Mail outage post-mortem

Overview:
During the afternoon of May 6th we began experiencing delays in mail delivery of 1-2 hours. Initial efforts at remediation seemed to clear this up but on the morning of May 7th the problem worsened and we proactively disabled mail service to deal with the failure. This outage affected all ASF mailing lists and mail forwarding. The service remained unavailable until May 10th, and it took almost 5 additional days to fully flush the backlog of messages.

You can find a timeline here that was kept during the incident: https://blogs.apache.org/infra/entry/mail_outage

This was a catastrophic failure for the Apache Software Foundation as email is core to virtually every operation and is our primary communication medium.

What happened:

The mail service at the ASF is composed of three physical servers. Two of these are external facing mail exchangers that receive mail. The final server handles mailing list expansion, alias forwarding and mail delivery in general. That latter server had two volumes that experienced a disk outage each. This degraded performance substantially and led to the mail delays seen on May 6th and 7th. The service was proactively disabled on May 7th in an attempt to let the arrays rebuild without the significant disk I/O overhead caused by processing the large mail backlog. Ultimately multiple attempts to rebuild the underlying arrays failed and eventually other drives in the array where the data volume was stored failed rendering recovery a hopeless task on May 8th. We began working to restore backups from our offsite backup location to our primary US datacenter. When this began to take longer than expected, additional concurrent efforts began to restore service in one of our secondary datacenters as well as in a public cloud instance. Ultimately we ended up completing the restoration to our primary US datacenter first and were able to bring the service online. When the service resumed, we had an estimated 10 million message backlog in addition to our normal 1.7-2 million ongoing daily message flow.
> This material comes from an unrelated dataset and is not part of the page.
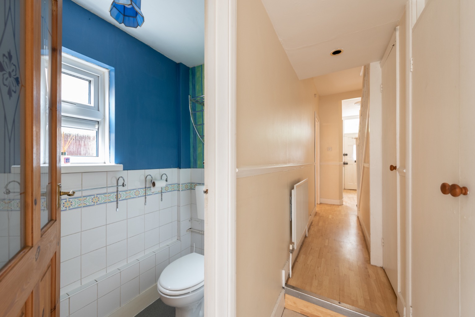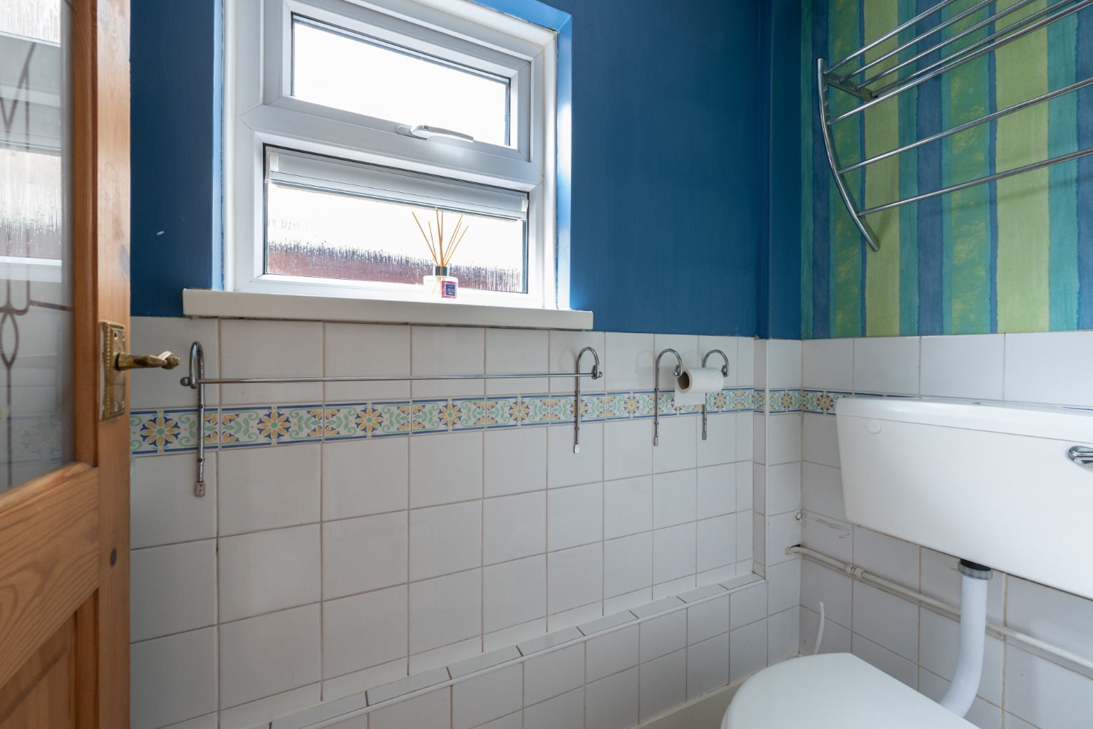 Returning to the hall, to the left are a series of doors, the first of which provides access to the useful cellar, with the rest being useful storage areas. To the right is the downstairs WC, a handy addition for a busy family. There’s a traditional style WC, a corner handbasin, along with white ceramic tiles to the lower part of the wall, highlighted by a colourful tiled border. The upper parts of the wall are a combination of blue paint and a feature wallpaper in green and blue. The floor is a practical vinyl in dark grey and there’s an obscured glass window.
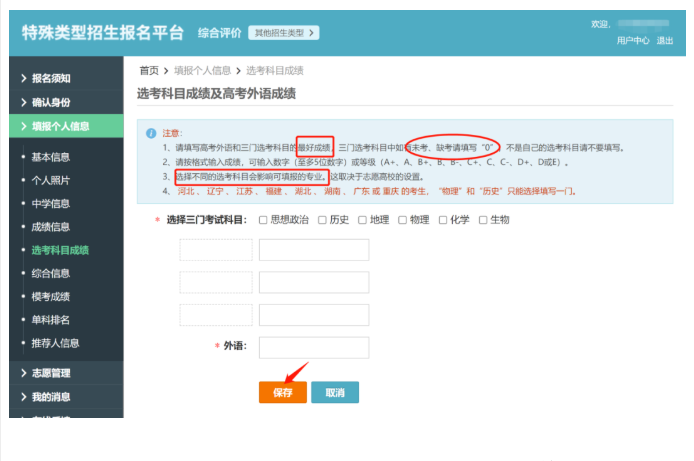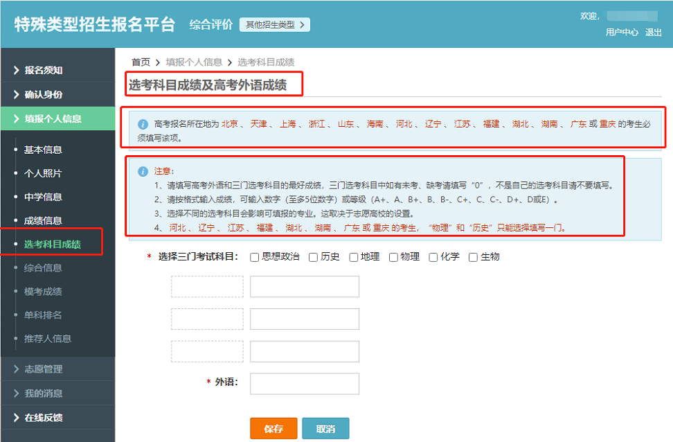 其次,要填写高考外语和三门选考科目的最好成绩,三门选考科目中如果有没考或者是缺考的话就填写“0”,不是考生本人的选考科目的不要填写。

The amount of backlogged mail taxed the existing infrastructure and architecture of the mail service and took almost 5 days to completely clear.

What worked:

Our backups were sufficient to allow us to restore the service in good working order.
Early precautions taken when we discovered the problem combined with our backups resulted in no data loss from the incident.
Our mail exchangers continued to work during the outage and held incoming mail until the service was restored.

What didn't work:

Our monitoring was not sufficient to identify the problem or alert us to the symptoms.
No spare hard drives for this class of machine were on-hand in our primary datacenter.
The restore time from our remote backups took an excessively long time. This was partially due to the large size of the restore data, and partially due to the transport method used for the data.
After the service was restored we had approximately a 10M message backlog that took days to clear.
The primary administrator of the service was on vacation, and the remaining infrastructure contractors were not intimately familiar with the service.
Our documentation was insufficient to easily restore the service in a rapid manner by folks without intimate knowledge.

Remediation plan:

Our immediate action items:

Update the documentation to be current/diagram mail flow.
Improve the monitoring of the mail service itself as well as the hardware.
Insure we have adequate spares on hand for the majority of our core services.
Place our mail server under configuration management to reduce our MTTR

Medium-to-Long term initiatives.

Crosstraining contractors in all critical services
Work on moving to a more fault-tolerant/redundant architecture
More fully deploy our config management and automated provisioning across our infrastructure so MTTR is reduced.